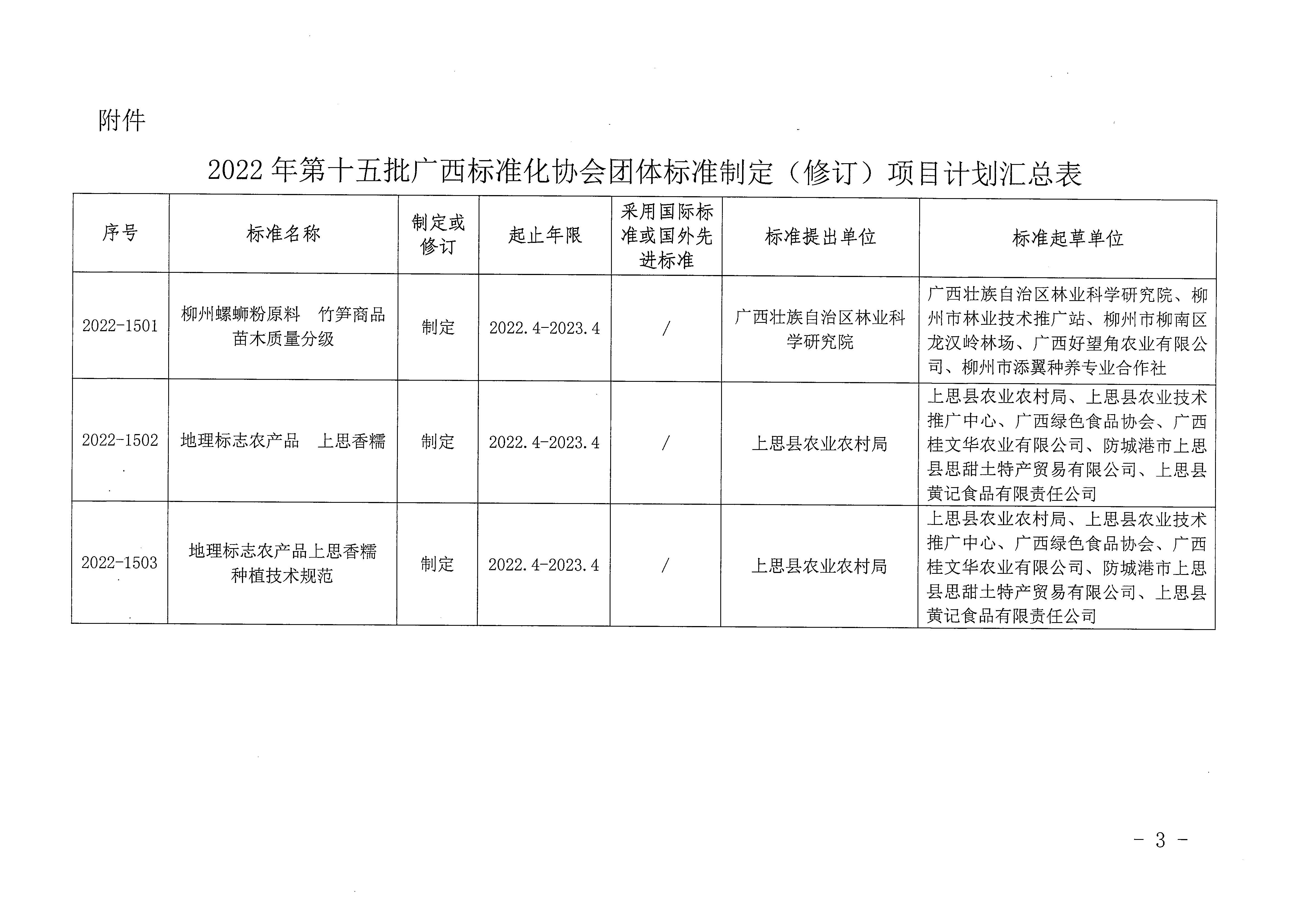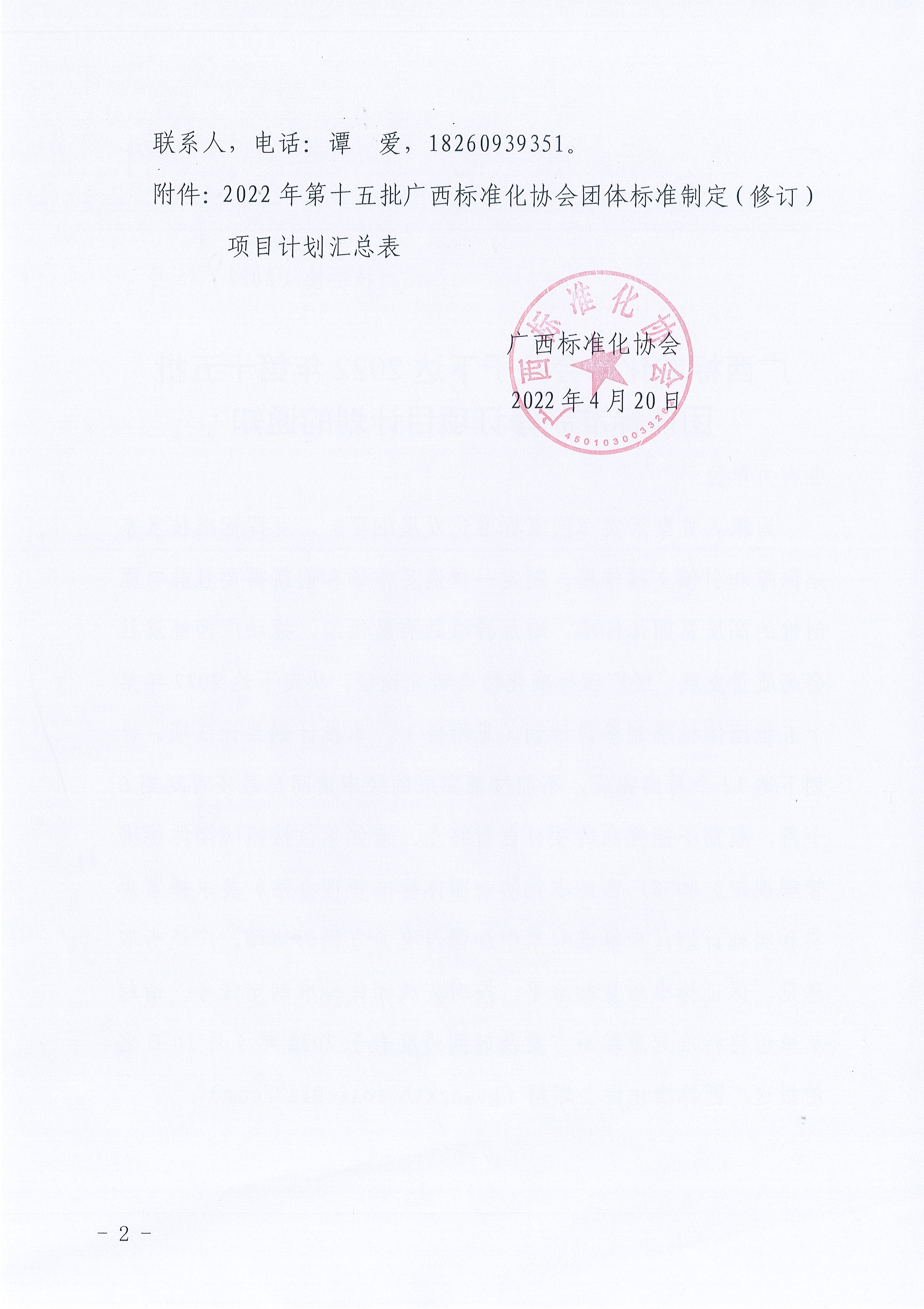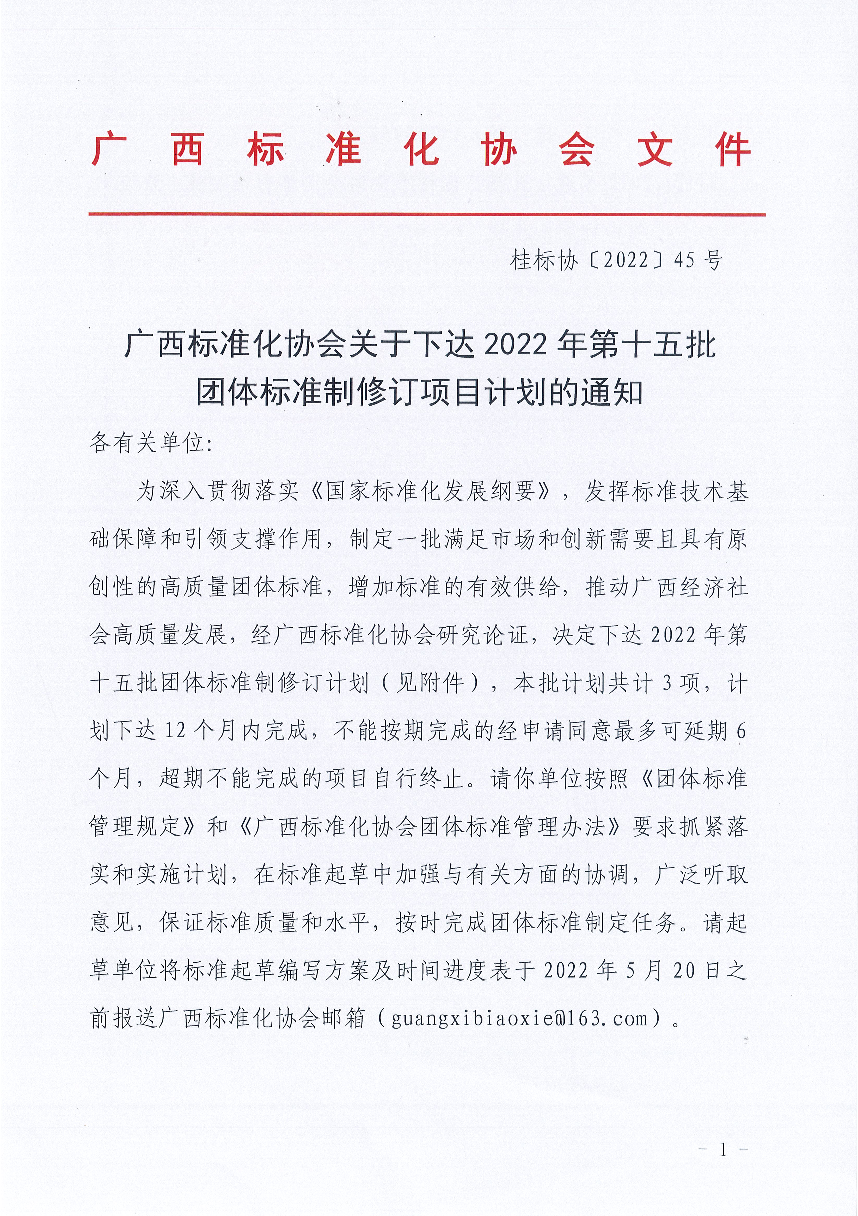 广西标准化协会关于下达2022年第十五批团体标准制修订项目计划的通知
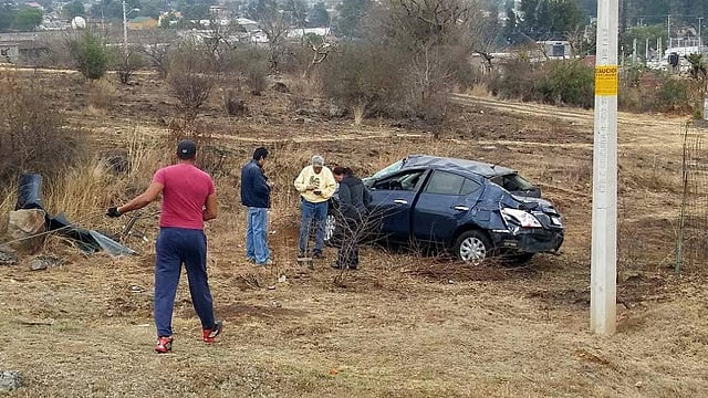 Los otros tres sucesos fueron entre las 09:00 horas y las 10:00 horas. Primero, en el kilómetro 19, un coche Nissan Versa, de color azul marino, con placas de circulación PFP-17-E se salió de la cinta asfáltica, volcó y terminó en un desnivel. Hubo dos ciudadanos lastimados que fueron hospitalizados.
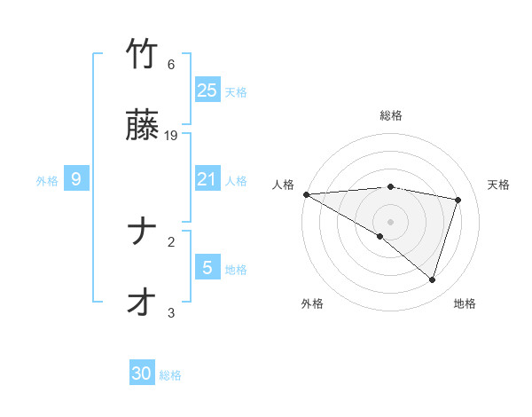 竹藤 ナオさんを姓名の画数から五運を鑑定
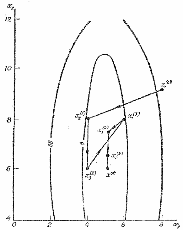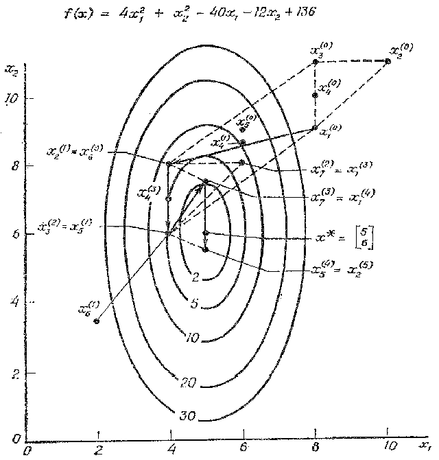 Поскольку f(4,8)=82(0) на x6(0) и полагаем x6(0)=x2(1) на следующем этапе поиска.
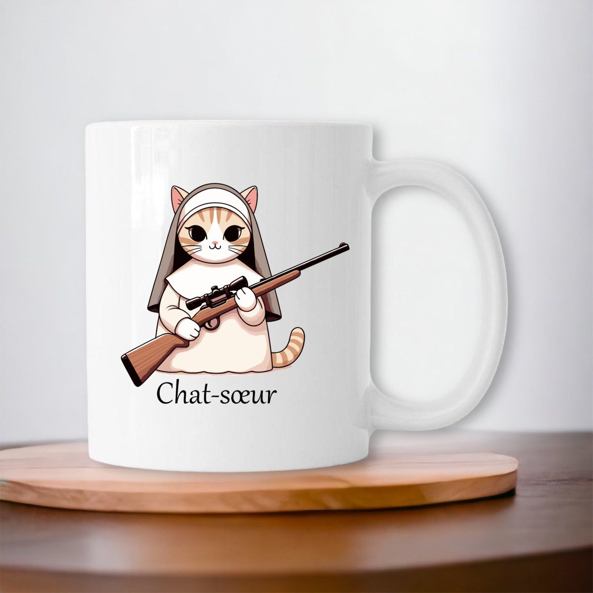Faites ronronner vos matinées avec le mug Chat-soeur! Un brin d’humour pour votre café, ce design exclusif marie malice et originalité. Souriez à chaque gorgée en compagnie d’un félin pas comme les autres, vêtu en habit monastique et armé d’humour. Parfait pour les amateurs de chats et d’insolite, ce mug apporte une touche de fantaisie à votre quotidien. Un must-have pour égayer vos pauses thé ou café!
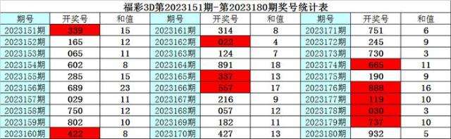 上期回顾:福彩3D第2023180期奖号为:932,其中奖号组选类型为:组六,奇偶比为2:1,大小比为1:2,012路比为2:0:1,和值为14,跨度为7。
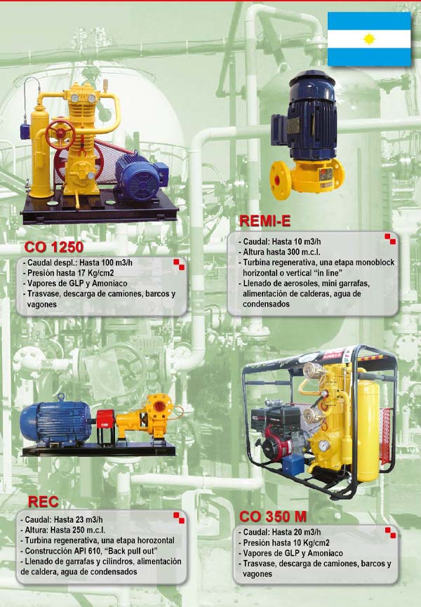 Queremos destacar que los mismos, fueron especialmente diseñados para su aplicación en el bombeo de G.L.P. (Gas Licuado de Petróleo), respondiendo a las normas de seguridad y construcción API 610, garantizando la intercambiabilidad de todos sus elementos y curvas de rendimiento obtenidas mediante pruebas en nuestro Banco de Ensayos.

::::::

### The problem:
A word-for-word copy is needed, starting at the first line of the listing and ending with the line bearing "Поскольку f(4,8)=82(0) на". No pictures.

### Response:
 广西标准化协会关于下达2022年第十五批团体标准制修订项目计划的通知
 Los otros tres sucesos fueron entre las 09:00 horas y las 10:00 horas. Primero, en el kilómetro 19, un coche Nissan Versa, de color azul marino, con placas de circulación PFP-17-E se salió de la cinta asfáltica, volcó y terminó en un desnivel. Hubo dos ciudadanos lastimados que fueron hospitalizados.
 竹藤 ナオさんを姓名の画数から五運を鑑定
 Поскольку f(4,8)=82(0) на x6(0) и полагаем x6(0)=x2(1) на следующем этапе поиска.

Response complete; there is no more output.